INFORMATION PROVIDED START

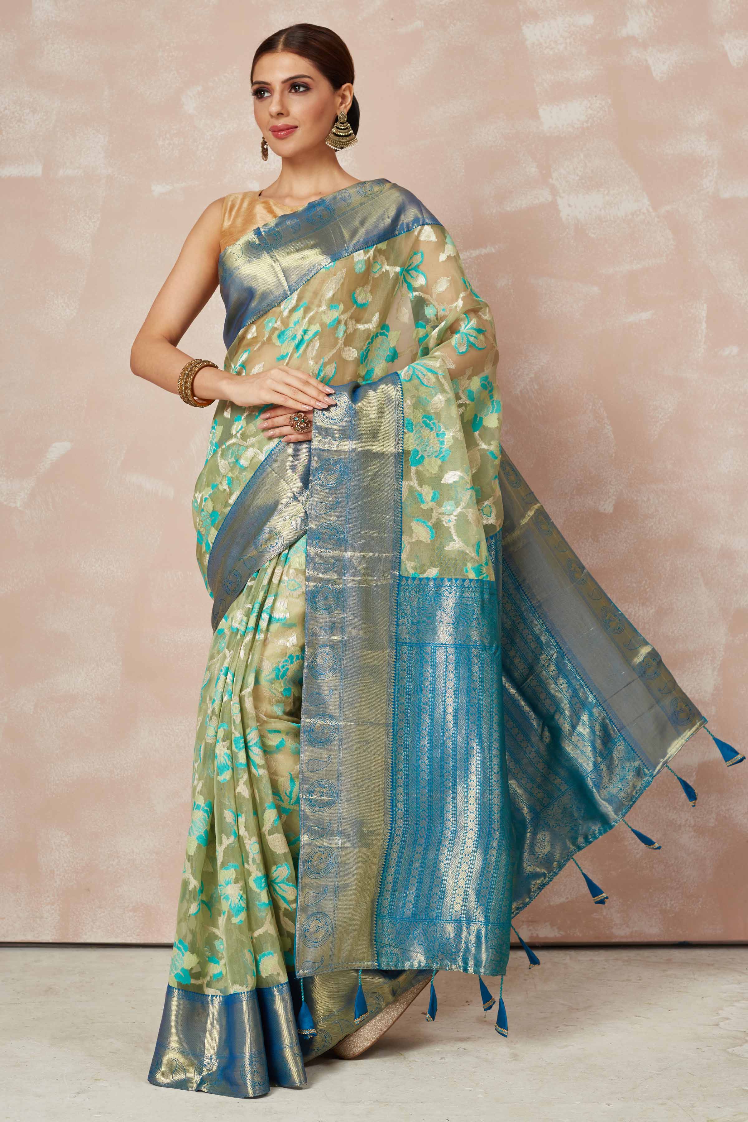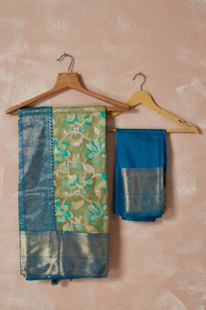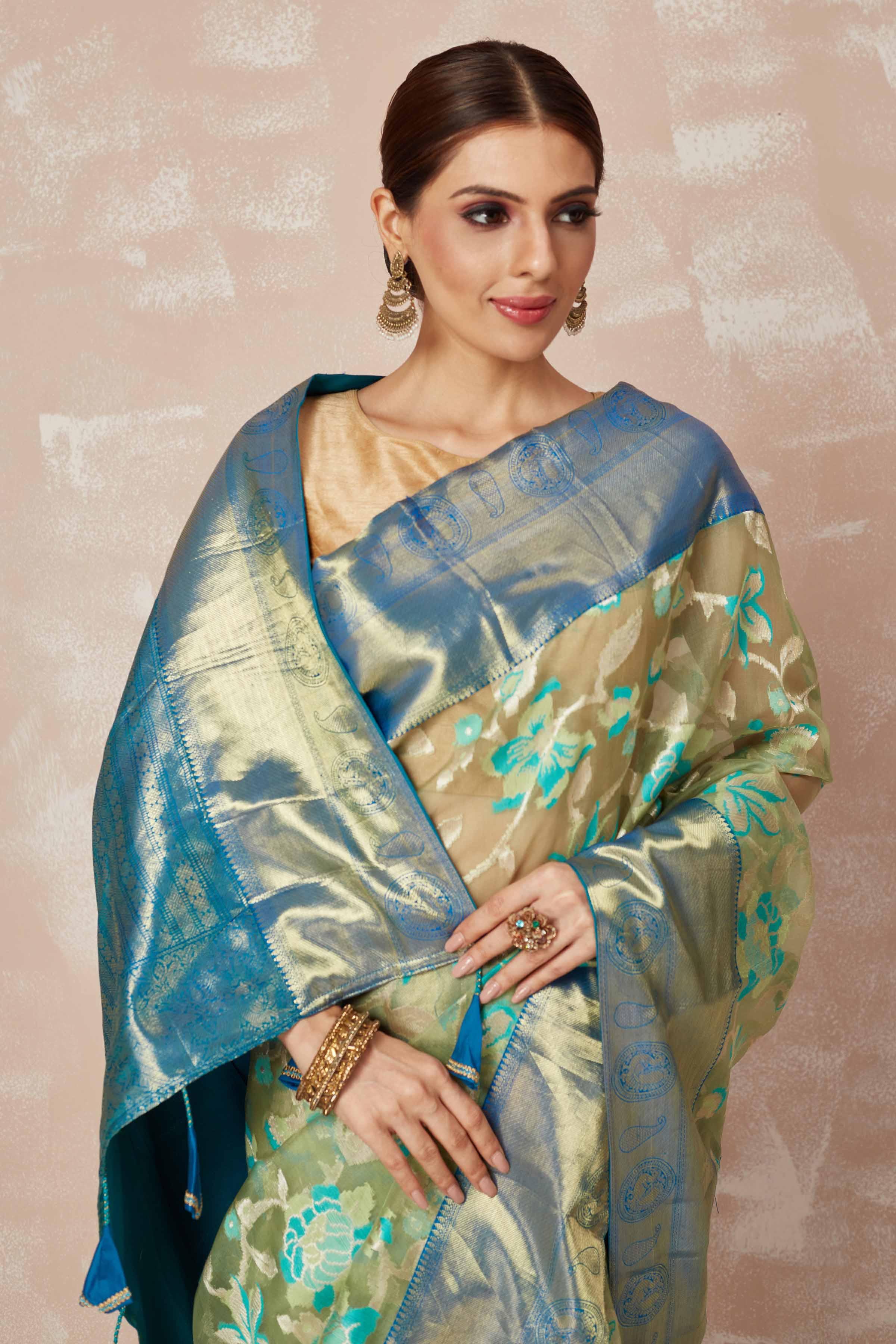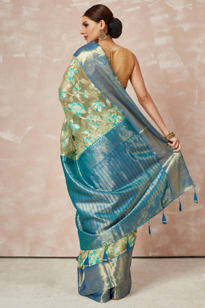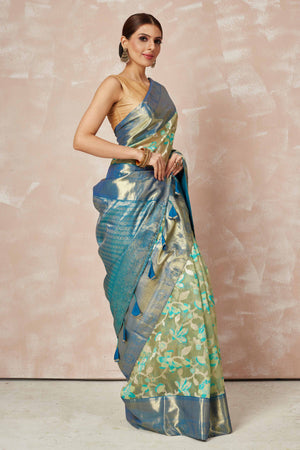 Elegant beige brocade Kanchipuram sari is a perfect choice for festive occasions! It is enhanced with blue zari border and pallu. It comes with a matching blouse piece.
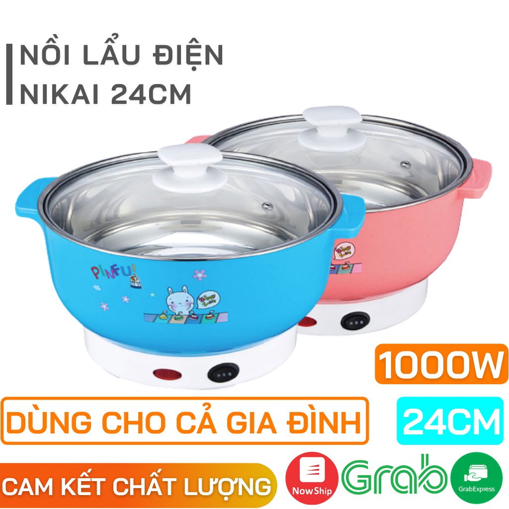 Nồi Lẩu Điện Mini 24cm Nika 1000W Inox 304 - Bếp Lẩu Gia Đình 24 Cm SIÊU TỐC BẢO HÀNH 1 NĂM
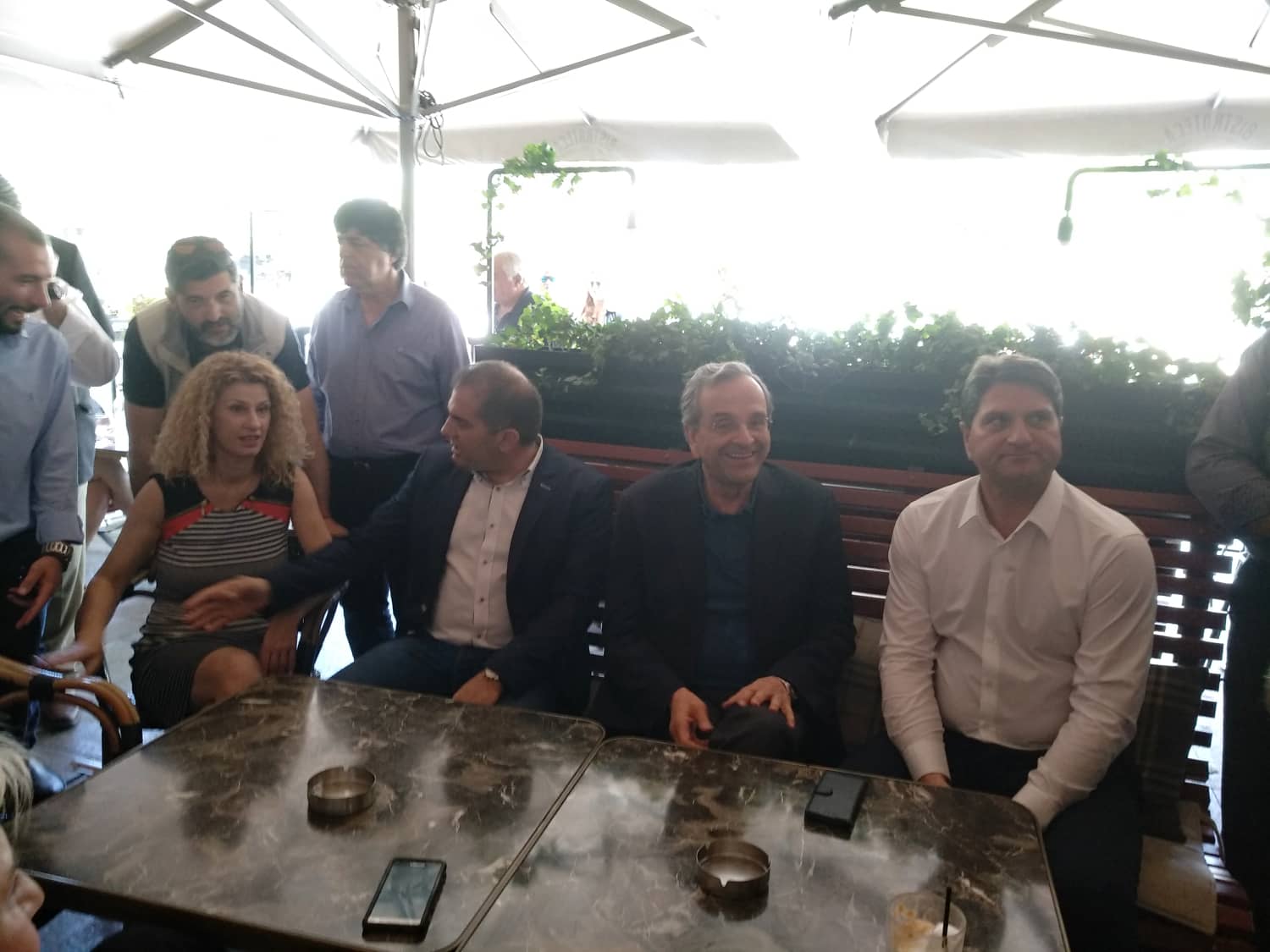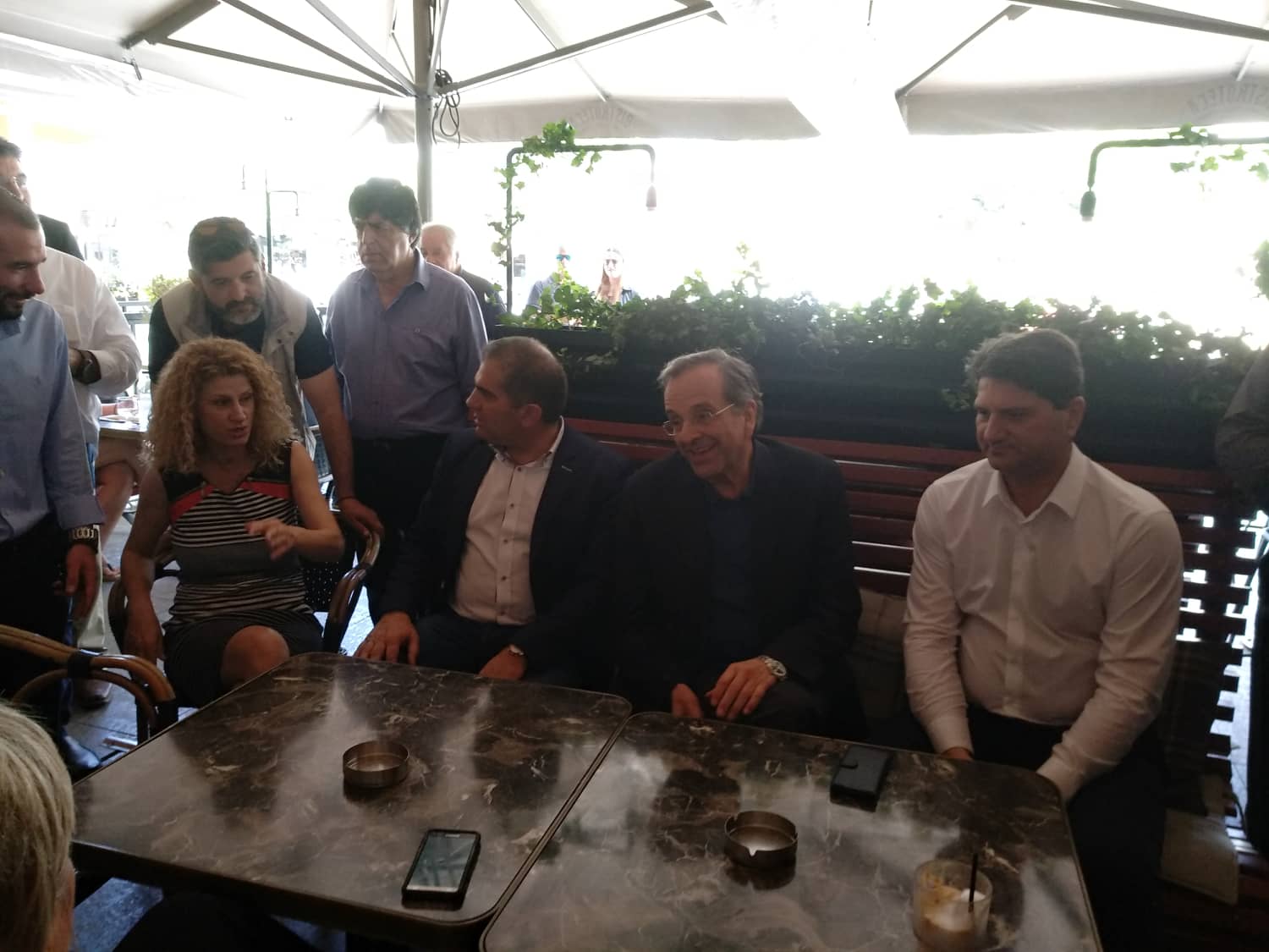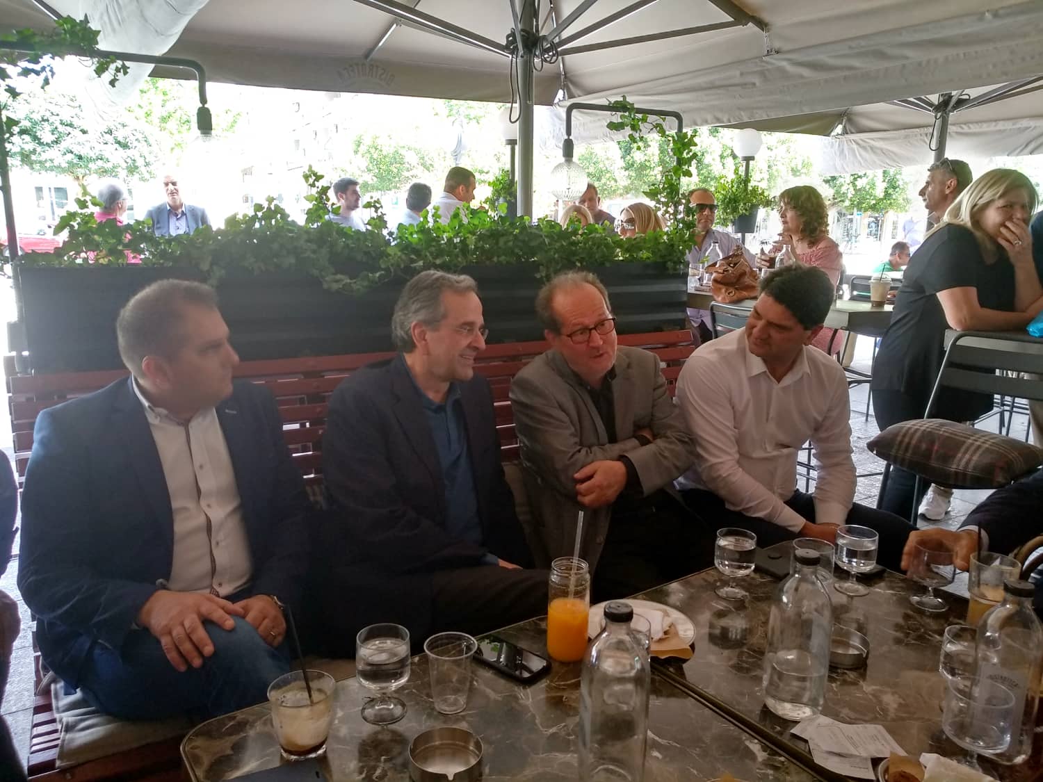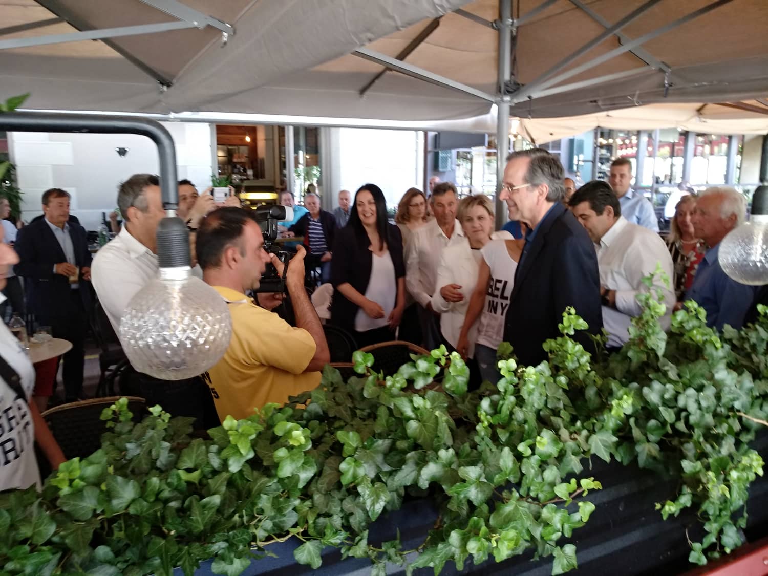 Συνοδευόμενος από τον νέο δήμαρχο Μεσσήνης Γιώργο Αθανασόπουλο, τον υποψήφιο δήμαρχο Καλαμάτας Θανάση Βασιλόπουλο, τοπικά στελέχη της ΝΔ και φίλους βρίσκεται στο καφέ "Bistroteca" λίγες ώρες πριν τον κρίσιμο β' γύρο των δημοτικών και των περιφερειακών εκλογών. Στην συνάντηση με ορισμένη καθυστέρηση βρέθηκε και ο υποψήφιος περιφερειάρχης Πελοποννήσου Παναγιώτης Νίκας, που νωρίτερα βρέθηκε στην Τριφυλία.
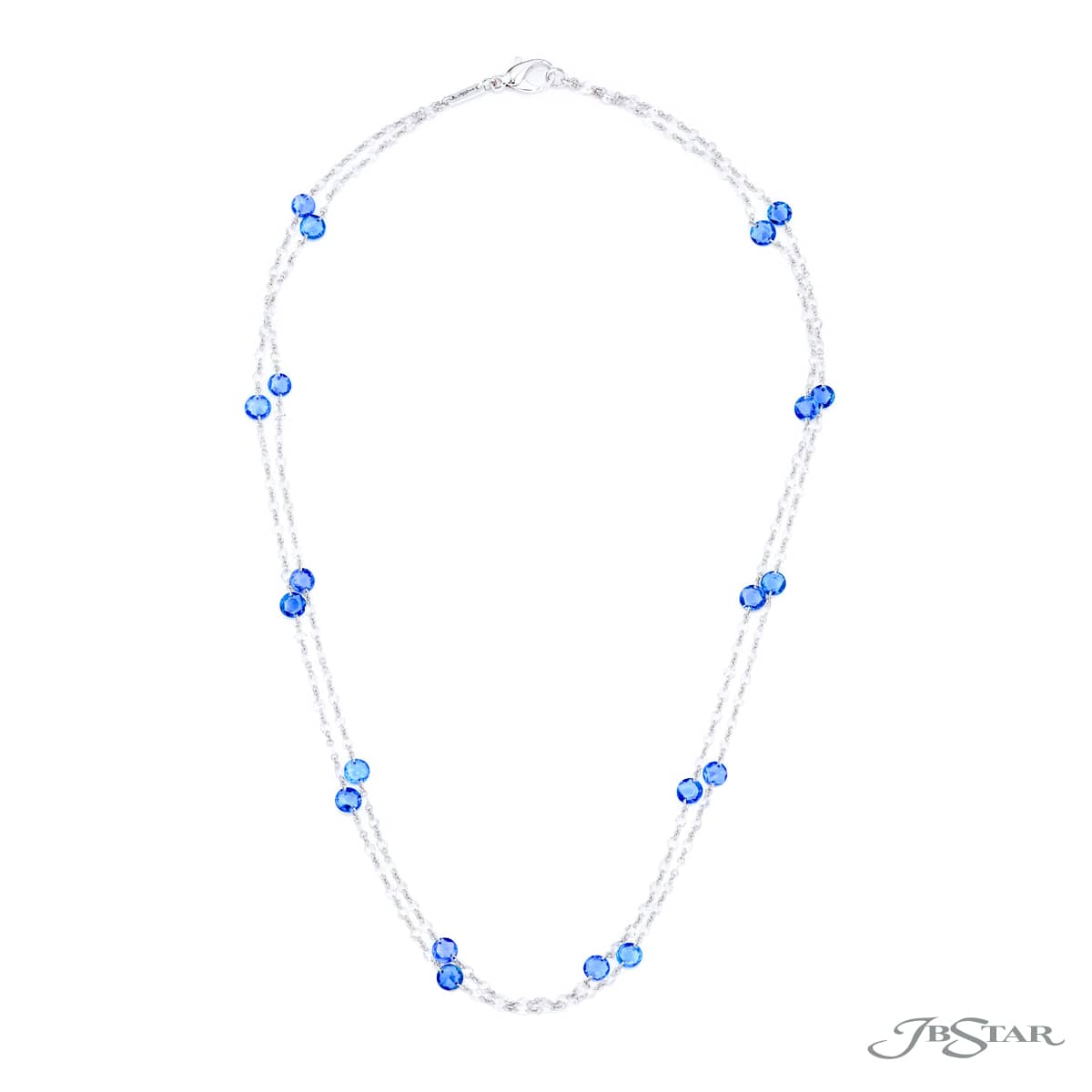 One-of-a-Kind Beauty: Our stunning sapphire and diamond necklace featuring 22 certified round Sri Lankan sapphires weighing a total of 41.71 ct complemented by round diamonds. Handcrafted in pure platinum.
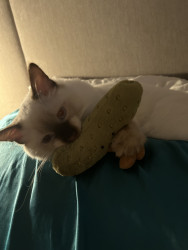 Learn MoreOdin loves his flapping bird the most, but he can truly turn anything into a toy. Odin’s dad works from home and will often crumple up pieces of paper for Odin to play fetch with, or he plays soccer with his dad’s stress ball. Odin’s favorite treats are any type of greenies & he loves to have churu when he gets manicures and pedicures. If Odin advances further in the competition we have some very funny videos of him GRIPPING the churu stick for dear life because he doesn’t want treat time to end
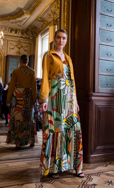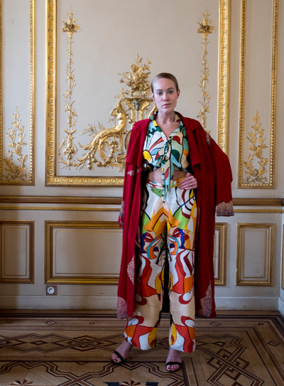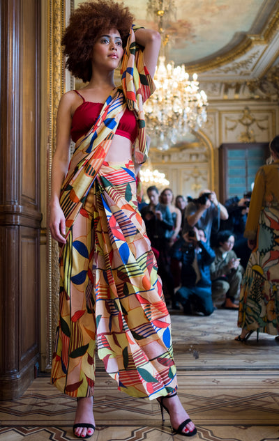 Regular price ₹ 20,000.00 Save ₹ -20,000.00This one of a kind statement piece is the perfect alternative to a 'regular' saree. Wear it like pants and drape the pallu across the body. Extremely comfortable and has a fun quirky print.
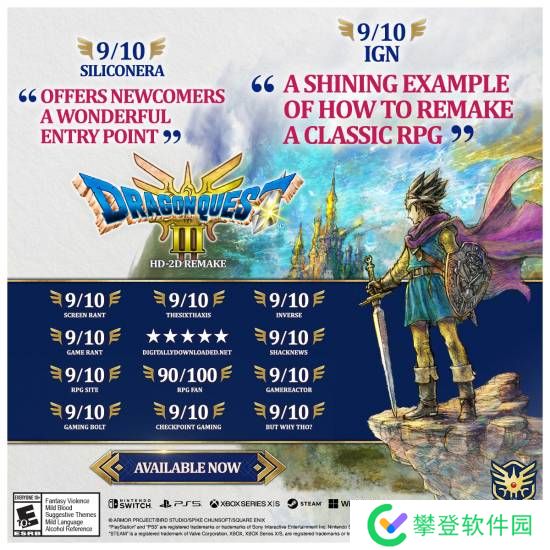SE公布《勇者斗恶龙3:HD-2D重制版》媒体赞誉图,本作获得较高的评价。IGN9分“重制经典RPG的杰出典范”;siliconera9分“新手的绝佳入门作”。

INFORMATION PROVIDED END

▶ **YOUR OBJECTIVE**
Starting with the line above that holds "Nồi Lẩu Điện", restate each line word for word up to and including the line that holds "One-of-a-Kind Beauty: Our". Drop the pictures.

▶ **RESULT FOR THIS TASK**
 Nồi Lẩu Điện Mini 24cm Nika 1000W Inox 304 - Bếp Lẩu Gia Đình 24 Cm SIÊU TỐC BẢO HÀNH 1 NĂM
 Συνοδευόμενος από τον νέο δήμαρχο Μεσσήνης Γιώργο Αθανασόπουλο, τον υποψήφιο δήμαρχο Καλαμάτας Θανάση Βασιλόπουλο, τοπικά στελέχη της ΝΔ και φίλους βρίσκεται στο καφέ "Bistroteca" λίγες ώρες πριν τον κρίσιμο β' γύρο των δημοτικών και των περιφερειακών εκλογών. Στην συνάντηση με ορισμένη καθυστέρηση βρέθηκε και ο υποψήφιος περιφερειάρχης Πελοποννήσου Παναγιώτης Νίκας, που νωρίτερα βρέθηκε στην Τριφυλία.
 One-of-a-Kind Beauty: Our stunning sapphire and diamond necklace featuring 22 certified round Sri Lankan sapphires weighing a total of 41.71 ct complemented by round diamonds. Handcrafted in pure platinum.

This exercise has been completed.